V. C. Dans les sociétés qui connaissent une rapide évolution, notamment en Afrique ou en Asie, l'utilisation d'animaux ou de plantes sauvages est vécue comme un lien nécessaire et chéri avec le passé. Environ 80 % de la population mondiale continue à se soigner grâce à des médicaments tirés de la nature. Or la raison n'en est pas seulement économique, car les produits occidentaux ne sont pas toujours plus chers que certaines préparations naturelles : il s'agit de pratiques solidement ancrées dans les traditions et les modes de vie. Si l'on prend comme exemple le Vietnam, la majorité de la chasse aux animaux sauvages est destinée à la nouvelle classe moyenne urbaine. Environ 47 % des habitants de Hanoi consomment des produits tirés de la nature plus de trois fois par an, dont 82 % sous forme de viande, 50 % dans des préparations médicinales et 16 % comme ornement. La séparation entre aliment et médicament ne s'opère pas de la même façon dans les cultures asiatiques, et consommer de la viande d'animaux sauvages est valorisé autant en termes de prestige social que d'amélioration de la santé. En outre même urbain, l'humain n'est jamais vraiment coupé de la nature. Croire que nous avons perdu ce lien avec la nature est un mythe qui remonte à Adam et Ève chassés du jardin d'Éden. L'humanité n'a d'ailleurs jamais connu d'état d'harmonie avec son environnement : la domination est omniprésente et il est impossible de distinguer celle de l'homme sur la nature de celle de l'homme sur l'homme.
Parcours
1961 Naissance à Lyon
1978 CAP de comptabilité
1991 Création de Pénélope, revue consacrée aux araignées
2001 Doctorat en environnement. Thèse sur les facteurs sociaux et culturels influençant la biologie de la conservation
2007 Histoire de l'ornithologie, éd. Delachaux et Niestlé
Depuis 2012 Associée au labo. SPHère (Sciences, Philosophie, Histoire), Paris-Diderot
2014 Une histoire des fleurs
2015 La nature à l'épreuve de l'homme
2013 L'homme et la nature : une histoire mouvementée
2017 Les Français et la nature : pourquoi si peu d'amour ? éd. Actes-Sud
2018 Les combats pour la nature : de la protection de la nature au progrès social, éd. Buchet-Chastel
2020 Histoire de la domestication animale, éd. Delachaux et Niestlé.

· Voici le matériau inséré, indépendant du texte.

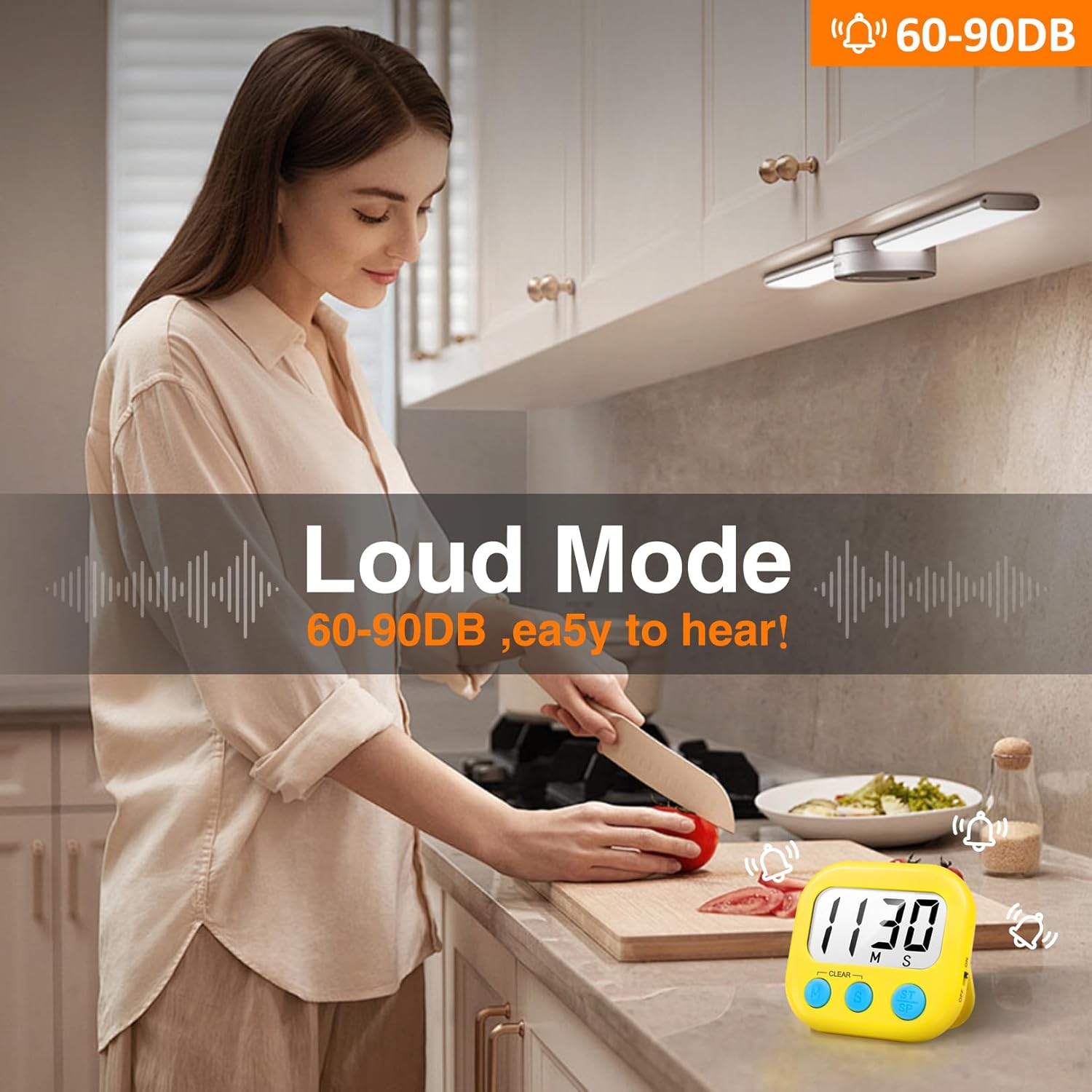 - Kitchen Timers with big buttons, large digital display, loud buzzer and clean bright look(Battery Not Included)

Des épidémies chez les arbres
Graphiose de l'orme, chancre coloré du platane, mineuse du marronnier, ces maladies des arbres se succèdent depuis plus d'un siècle. Pour Valérie Chansigaud, la spongieuse, due au bombyx, apparaît comme la crise fondatrice. Ce papillon européen fut introduit en Amérique du Nord par un naturaliste français en 1869 pour expérimenter son élevage afin de produire de la soie. En 1879, apparaissent ses capacités de nuisance dans un environnement où il n'a pas de compétiteur. La chenille s'attaque au chêne, au tremble, au bouleau et elle est l'espèce nuisible dont la lutte a coûté le plus cher dans l'histoire du pays.